LINEAR ALGEBRA Vector space; sum of vectors, produced of a vector and a scalar, dot product of vectors in the plane and space. Condition of perpendicularity between vectors. Linear subspace; definition of linearly independent and dependent vectors; vector space generator system; base of a vector space; base of R2 and R3; a condition of parallelism between vectors. Parametric equation of the line, passage from parametric to Cartesian, Cartesian equation, equation in explicit form. perpendicularity conditions. Point-to-Point Distance. Plane equation known a normal vector, plane equation note a point and two vectors, plan equation known three points; special plans; equation of a line; directors parameters; fractional equation; straight as a two-planes intersection; relationship between plane and straight coefficients; distance of a point from one plane.

FUNCTIONS. Domain, range, function; gtsph of a function; vertical translation, exponential, logarithm of a function known to the graph. upper and lower extremities, maximum and minimum of a subset of R and of a function. Open and closed sets, intersections, accumulation points and isolated points, definitions, and examples. Limit definition. Limit operations, polynomial limits, and polynomial quotients. Limit uniqueness theorem; Sign permanence theorem, Comparison theorem. Significant limits. Continuous functions. Singular points; Continuous function theorems: Weierstrass theorem, intermediate values, and zeros. Asymptotes.

DIFFERENTIAL CALCULUS: Derivative of a function:definition, geometric meaning. Sum, product, quotient, Derivative functions continuity theorem; cuspidities, angular points, vertical tangent inflection. Derivative techniques applied to the main functions. Equation of the tangent line at a point on the graph. Derivative of a composite function and inverse function. Stationary points. Fermat theorem. Rolle theorem and Lagrange theorem . Monotony and sign of the derivative. Second Derivative,convexity, concavity, inflections . Function Studio. Cauchy and De l'Hopital theorems.

INTEGRATION : the primitive of a function, the indefinite integration; integration by parts and replacement.
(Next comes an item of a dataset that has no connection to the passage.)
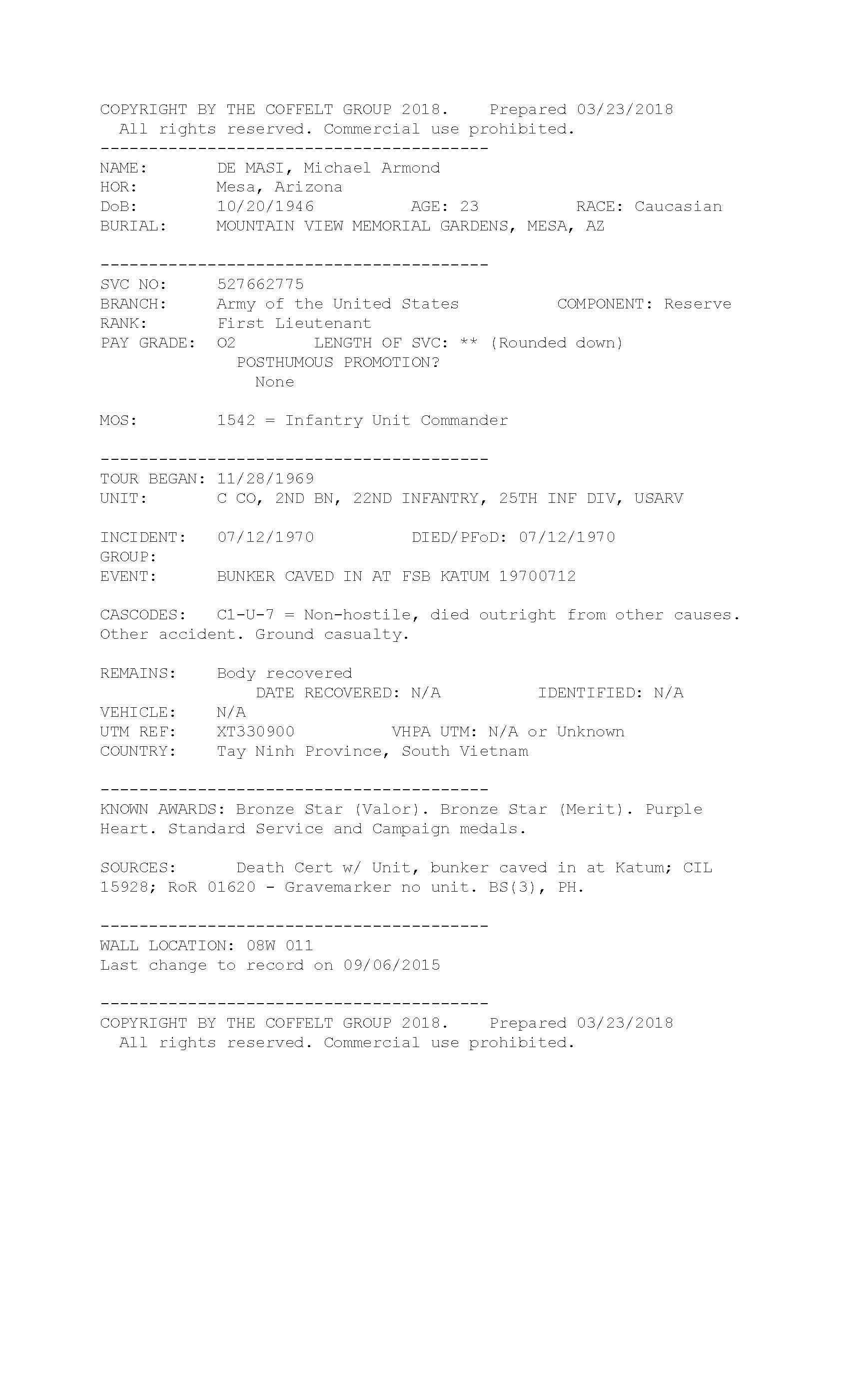 KIA: 07/12/1970

Integration of rational functions. The problem of calculating the areas ; The media theorem. The fundamental theorem of integral calculus, defined integrals.
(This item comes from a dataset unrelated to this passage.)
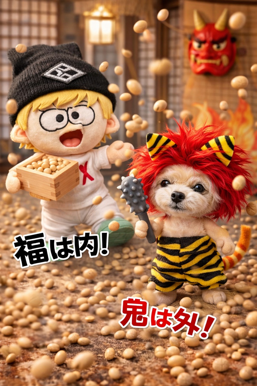 しっかり豆まきしてね!

The exam consists of a written test where will be formulated theoretical questions and required application exercises.

If written test will get a rating grater than or equal to 16/30, it may be supplemented by an oral examination in the same session.

Oral examination could raise the rating upto five points.

For students attending the course it is planned to take the exam in three partial tests on the topics gradually developed

Robert A. Adams Calcolo Differenziale I, ed. CEA (Casa EditriceAmbrosiana) http://www.cds.caltech.edu/~marsden/volume/Calculus/

https://www.math.uh.edu/~dlabate/settheory_Ashlock.pdf

Bramanti, Pagani, Salsa “Analisi Matematica 1. Con elementi di geometria e algebra lineare”, Zanichelli

Giovanni Naldi, Lorenzo Pareschi, Giacomo Aletti “Calcolo differenziale e algebra lineare”, Mc Graw-Hill

Gli studenti che hanno frequentato negli anni passati il corso facciano tranquillamente riferimento ai testi in loro possesso.